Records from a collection

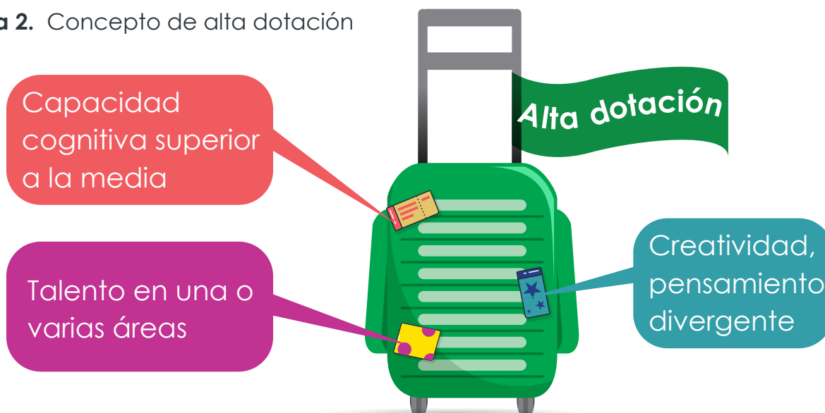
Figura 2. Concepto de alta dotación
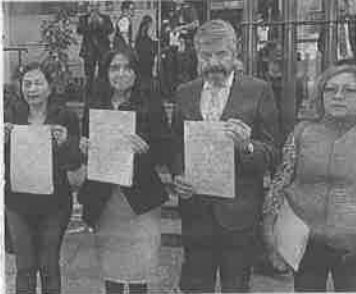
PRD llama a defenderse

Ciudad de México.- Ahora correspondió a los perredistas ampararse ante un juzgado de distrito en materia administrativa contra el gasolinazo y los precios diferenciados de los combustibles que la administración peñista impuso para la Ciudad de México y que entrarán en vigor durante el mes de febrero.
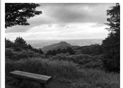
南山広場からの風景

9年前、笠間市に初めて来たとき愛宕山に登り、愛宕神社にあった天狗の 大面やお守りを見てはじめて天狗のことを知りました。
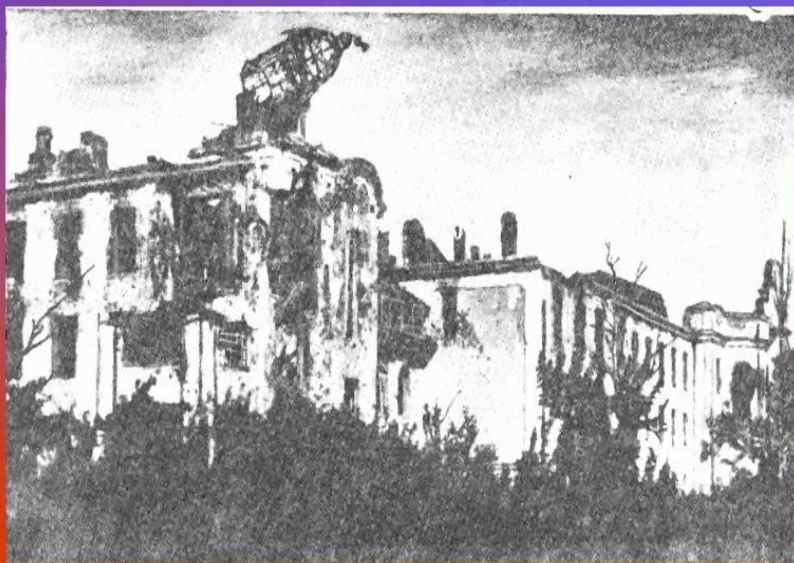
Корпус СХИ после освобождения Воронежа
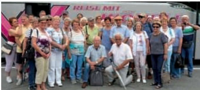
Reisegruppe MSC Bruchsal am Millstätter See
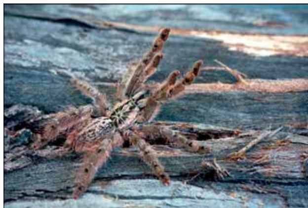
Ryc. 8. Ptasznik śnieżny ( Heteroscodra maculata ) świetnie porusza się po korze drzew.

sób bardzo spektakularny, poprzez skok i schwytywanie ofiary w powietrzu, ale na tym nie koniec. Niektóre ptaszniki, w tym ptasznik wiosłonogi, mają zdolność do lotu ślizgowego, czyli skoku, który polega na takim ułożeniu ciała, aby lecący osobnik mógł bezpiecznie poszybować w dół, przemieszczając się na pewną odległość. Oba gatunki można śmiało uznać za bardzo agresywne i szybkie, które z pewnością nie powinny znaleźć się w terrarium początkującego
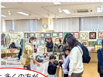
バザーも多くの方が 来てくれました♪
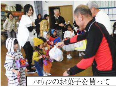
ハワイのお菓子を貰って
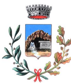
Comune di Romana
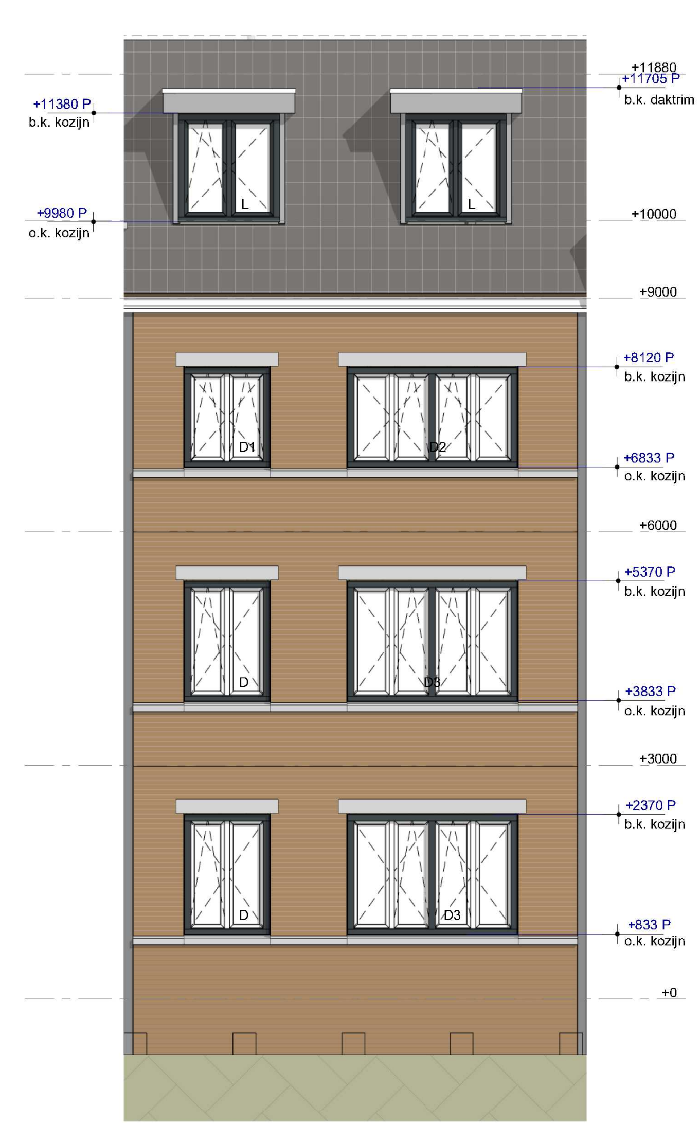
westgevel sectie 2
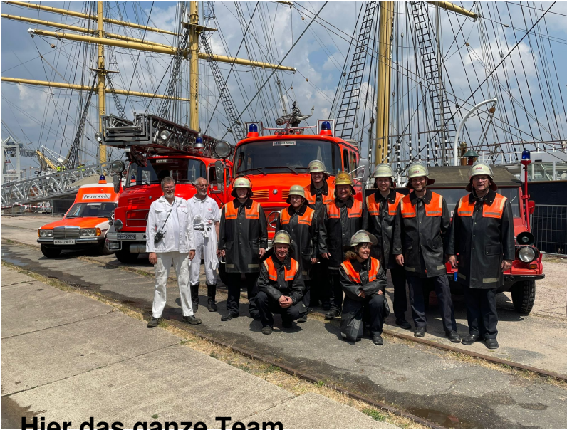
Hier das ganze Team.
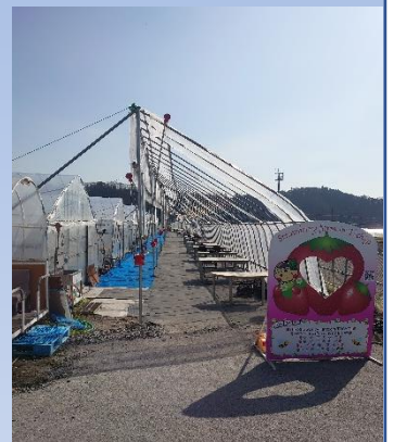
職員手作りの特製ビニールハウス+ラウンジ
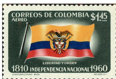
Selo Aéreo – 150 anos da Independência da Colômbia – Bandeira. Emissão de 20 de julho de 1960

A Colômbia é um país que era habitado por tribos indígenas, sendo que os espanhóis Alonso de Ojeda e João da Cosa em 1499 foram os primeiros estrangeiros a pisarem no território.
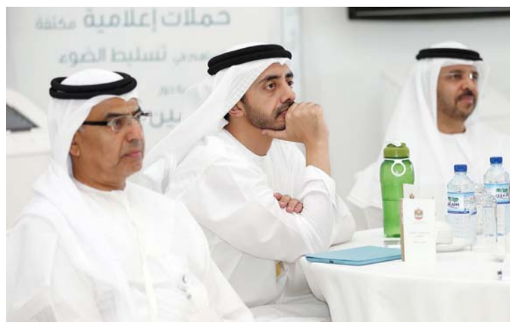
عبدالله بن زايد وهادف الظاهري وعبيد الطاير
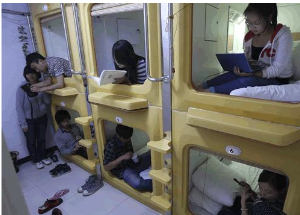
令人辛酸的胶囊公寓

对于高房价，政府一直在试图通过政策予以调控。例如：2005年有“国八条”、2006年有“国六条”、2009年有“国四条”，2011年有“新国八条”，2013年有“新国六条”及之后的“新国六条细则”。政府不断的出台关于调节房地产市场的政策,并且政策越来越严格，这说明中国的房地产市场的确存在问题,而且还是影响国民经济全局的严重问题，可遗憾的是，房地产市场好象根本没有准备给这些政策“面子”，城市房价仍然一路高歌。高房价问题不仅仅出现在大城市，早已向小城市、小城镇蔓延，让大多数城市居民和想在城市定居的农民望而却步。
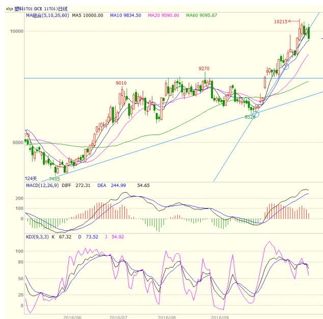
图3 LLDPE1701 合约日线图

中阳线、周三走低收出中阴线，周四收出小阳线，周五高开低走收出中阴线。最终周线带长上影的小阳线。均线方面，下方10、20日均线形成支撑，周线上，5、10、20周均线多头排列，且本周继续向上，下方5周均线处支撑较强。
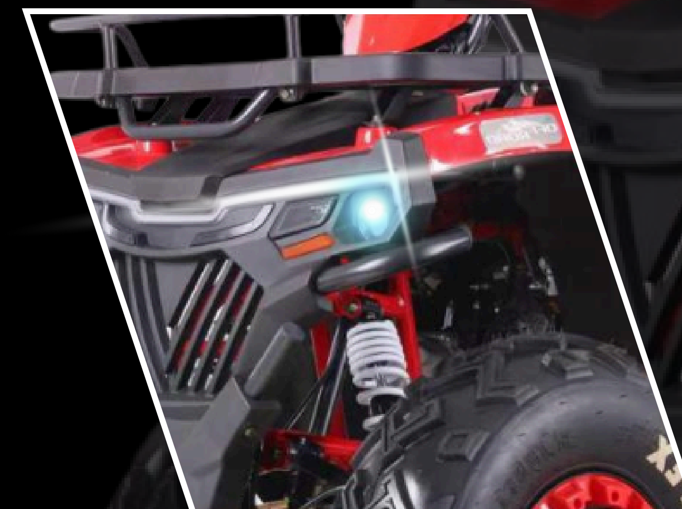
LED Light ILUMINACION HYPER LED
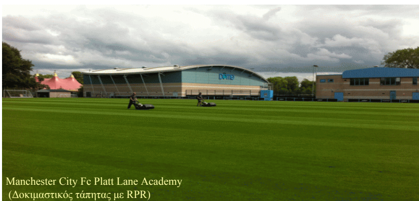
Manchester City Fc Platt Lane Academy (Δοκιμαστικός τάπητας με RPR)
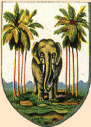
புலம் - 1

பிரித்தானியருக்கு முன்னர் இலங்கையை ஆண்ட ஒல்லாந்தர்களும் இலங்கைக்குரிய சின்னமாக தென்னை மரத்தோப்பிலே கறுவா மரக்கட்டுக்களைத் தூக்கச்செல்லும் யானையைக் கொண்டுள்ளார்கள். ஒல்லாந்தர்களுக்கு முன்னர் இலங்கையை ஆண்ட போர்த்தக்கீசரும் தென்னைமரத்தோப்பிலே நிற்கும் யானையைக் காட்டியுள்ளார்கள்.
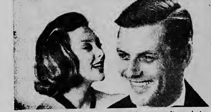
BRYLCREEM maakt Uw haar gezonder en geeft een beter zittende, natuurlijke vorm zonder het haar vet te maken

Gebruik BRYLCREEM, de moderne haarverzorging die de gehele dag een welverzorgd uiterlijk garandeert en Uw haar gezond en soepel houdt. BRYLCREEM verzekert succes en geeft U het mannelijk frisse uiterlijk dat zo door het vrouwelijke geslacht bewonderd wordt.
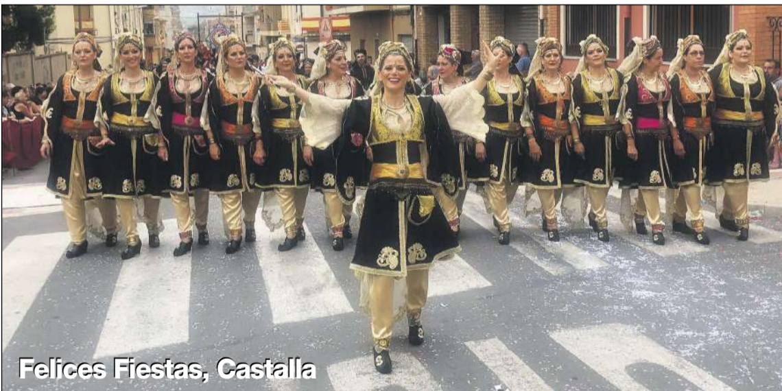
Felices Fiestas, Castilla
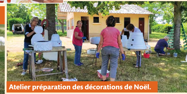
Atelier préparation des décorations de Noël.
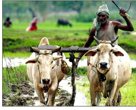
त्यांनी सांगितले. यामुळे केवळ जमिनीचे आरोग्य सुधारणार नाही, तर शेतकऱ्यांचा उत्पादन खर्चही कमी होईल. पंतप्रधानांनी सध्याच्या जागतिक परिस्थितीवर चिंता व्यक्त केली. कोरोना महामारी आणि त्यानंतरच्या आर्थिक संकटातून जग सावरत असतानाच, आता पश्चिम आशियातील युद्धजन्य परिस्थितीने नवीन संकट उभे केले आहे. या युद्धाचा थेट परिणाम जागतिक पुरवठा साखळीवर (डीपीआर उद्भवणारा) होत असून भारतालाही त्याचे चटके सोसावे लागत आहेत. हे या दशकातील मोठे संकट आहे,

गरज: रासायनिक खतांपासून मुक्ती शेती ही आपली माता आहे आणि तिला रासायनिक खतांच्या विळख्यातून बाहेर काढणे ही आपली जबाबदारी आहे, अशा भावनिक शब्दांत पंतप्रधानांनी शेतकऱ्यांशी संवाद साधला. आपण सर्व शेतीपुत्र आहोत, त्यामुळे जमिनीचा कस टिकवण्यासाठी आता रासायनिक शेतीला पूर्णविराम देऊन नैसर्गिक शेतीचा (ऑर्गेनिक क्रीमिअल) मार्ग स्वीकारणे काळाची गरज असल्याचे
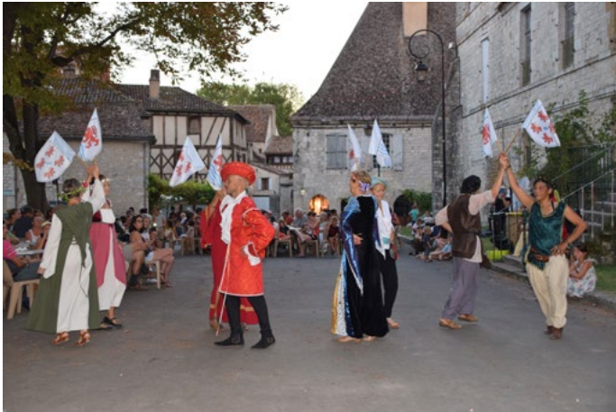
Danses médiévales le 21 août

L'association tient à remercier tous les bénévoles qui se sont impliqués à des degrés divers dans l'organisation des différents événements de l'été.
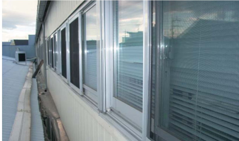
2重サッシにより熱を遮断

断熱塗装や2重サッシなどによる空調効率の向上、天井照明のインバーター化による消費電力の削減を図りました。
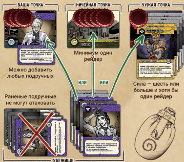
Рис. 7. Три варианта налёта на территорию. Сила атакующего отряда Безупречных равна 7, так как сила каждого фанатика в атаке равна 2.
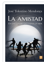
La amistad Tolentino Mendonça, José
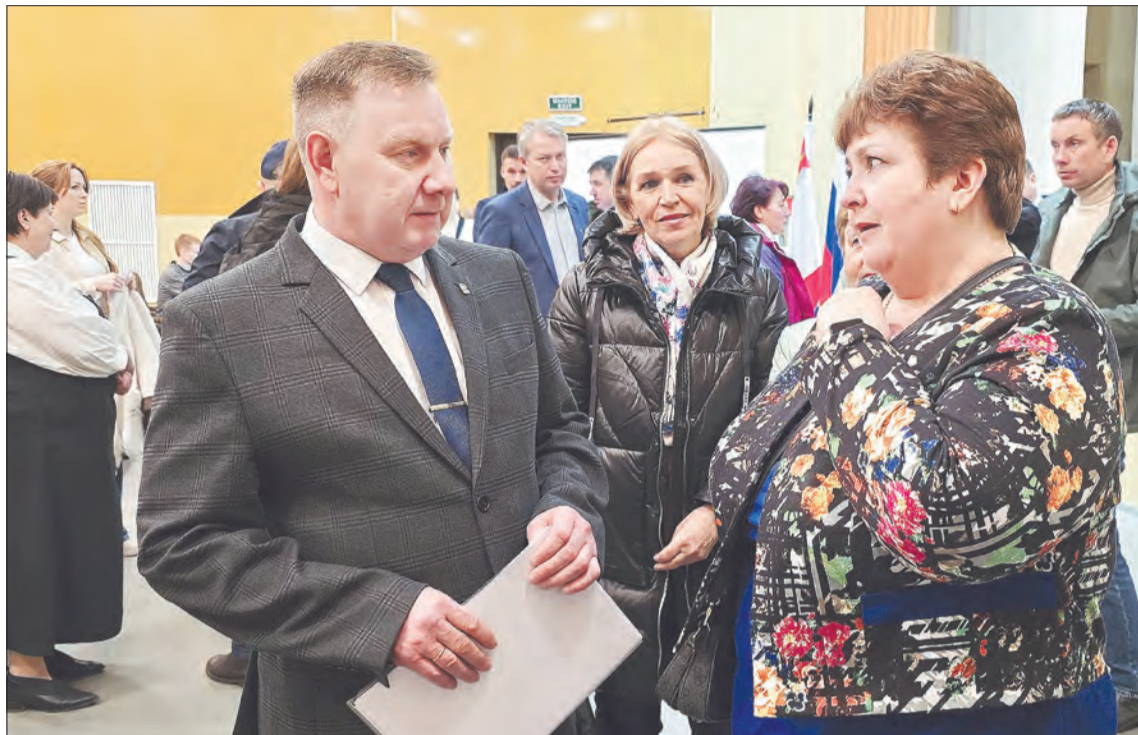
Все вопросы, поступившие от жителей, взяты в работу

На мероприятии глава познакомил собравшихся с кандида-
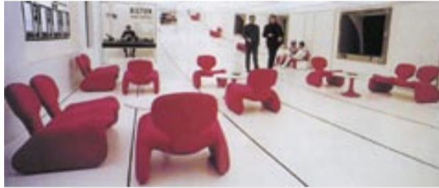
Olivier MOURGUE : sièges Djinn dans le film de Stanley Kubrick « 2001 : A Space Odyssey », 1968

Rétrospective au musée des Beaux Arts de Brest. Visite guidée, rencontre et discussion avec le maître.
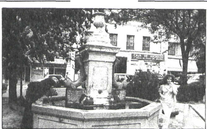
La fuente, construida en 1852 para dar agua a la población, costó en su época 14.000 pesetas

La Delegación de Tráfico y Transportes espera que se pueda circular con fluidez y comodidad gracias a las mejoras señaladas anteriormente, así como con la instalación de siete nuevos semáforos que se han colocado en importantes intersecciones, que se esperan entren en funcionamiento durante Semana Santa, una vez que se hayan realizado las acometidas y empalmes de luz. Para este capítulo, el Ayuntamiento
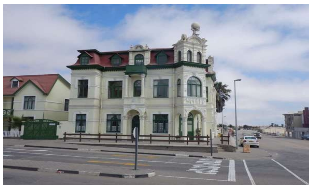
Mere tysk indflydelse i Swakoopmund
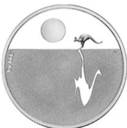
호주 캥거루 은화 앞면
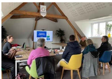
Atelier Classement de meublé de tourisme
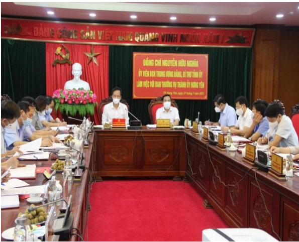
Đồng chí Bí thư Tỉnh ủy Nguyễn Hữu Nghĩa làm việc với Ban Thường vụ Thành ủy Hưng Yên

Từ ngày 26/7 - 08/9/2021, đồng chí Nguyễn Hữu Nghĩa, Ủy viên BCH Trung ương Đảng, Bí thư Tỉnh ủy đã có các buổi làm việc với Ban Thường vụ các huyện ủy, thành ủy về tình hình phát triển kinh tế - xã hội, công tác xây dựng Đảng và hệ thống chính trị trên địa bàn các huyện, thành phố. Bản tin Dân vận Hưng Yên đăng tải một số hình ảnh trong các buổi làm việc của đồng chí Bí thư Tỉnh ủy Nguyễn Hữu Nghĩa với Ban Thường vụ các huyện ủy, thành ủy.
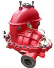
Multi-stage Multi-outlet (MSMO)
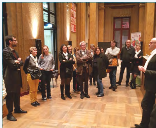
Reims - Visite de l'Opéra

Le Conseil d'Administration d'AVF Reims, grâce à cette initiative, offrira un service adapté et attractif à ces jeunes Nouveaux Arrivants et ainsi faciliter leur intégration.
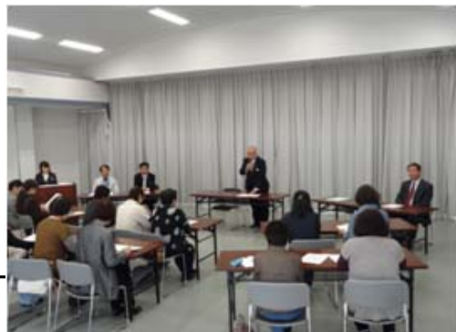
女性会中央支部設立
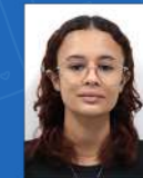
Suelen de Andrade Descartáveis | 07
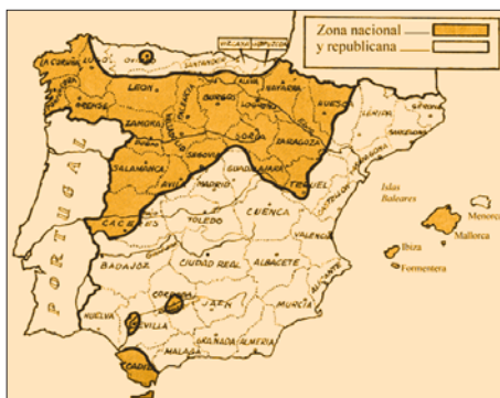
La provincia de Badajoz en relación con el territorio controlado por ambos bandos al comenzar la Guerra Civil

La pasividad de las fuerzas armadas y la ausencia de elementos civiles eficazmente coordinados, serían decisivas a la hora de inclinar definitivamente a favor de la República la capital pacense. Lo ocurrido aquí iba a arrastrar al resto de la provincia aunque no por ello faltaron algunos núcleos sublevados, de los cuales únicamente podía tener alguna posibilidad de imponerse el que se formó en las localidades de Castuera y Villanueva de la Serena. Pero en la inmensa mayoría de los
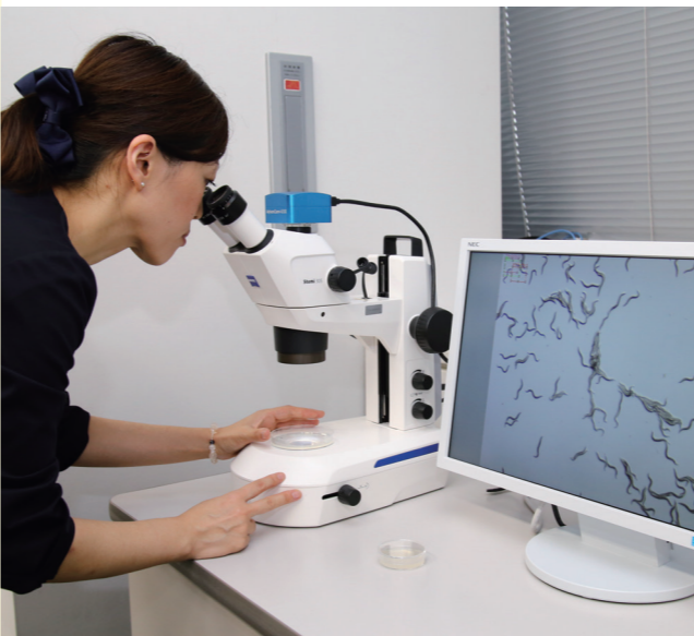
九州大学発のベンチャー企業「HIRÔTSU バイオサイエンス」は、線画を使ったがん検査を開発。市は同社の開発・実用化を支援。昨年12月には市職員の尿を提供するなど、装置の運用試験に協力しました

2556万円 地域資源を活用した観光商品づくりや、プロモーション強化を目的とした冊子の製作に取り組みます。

== What is required ==
Search the entries above for the word "BRYLCREEM" and copy each line where it appears.

== Completed task ==
BRYLCREEM maakt Uw haar gezonder en geeft een beter zittende, natuurlijke vorm zonder het haar vet te maken
Gebruik BRYLCREEM, de moderne haarverzorging die de gehele dag een welverzorgd uiterlijk garandeert en Uw haar gezond en soepel houdt. BRYLCREEM verzekert succes en geeft U het mannelijk frisse uiterlijk dat zo door het vrouwelijke geslacht bewonderd wordt.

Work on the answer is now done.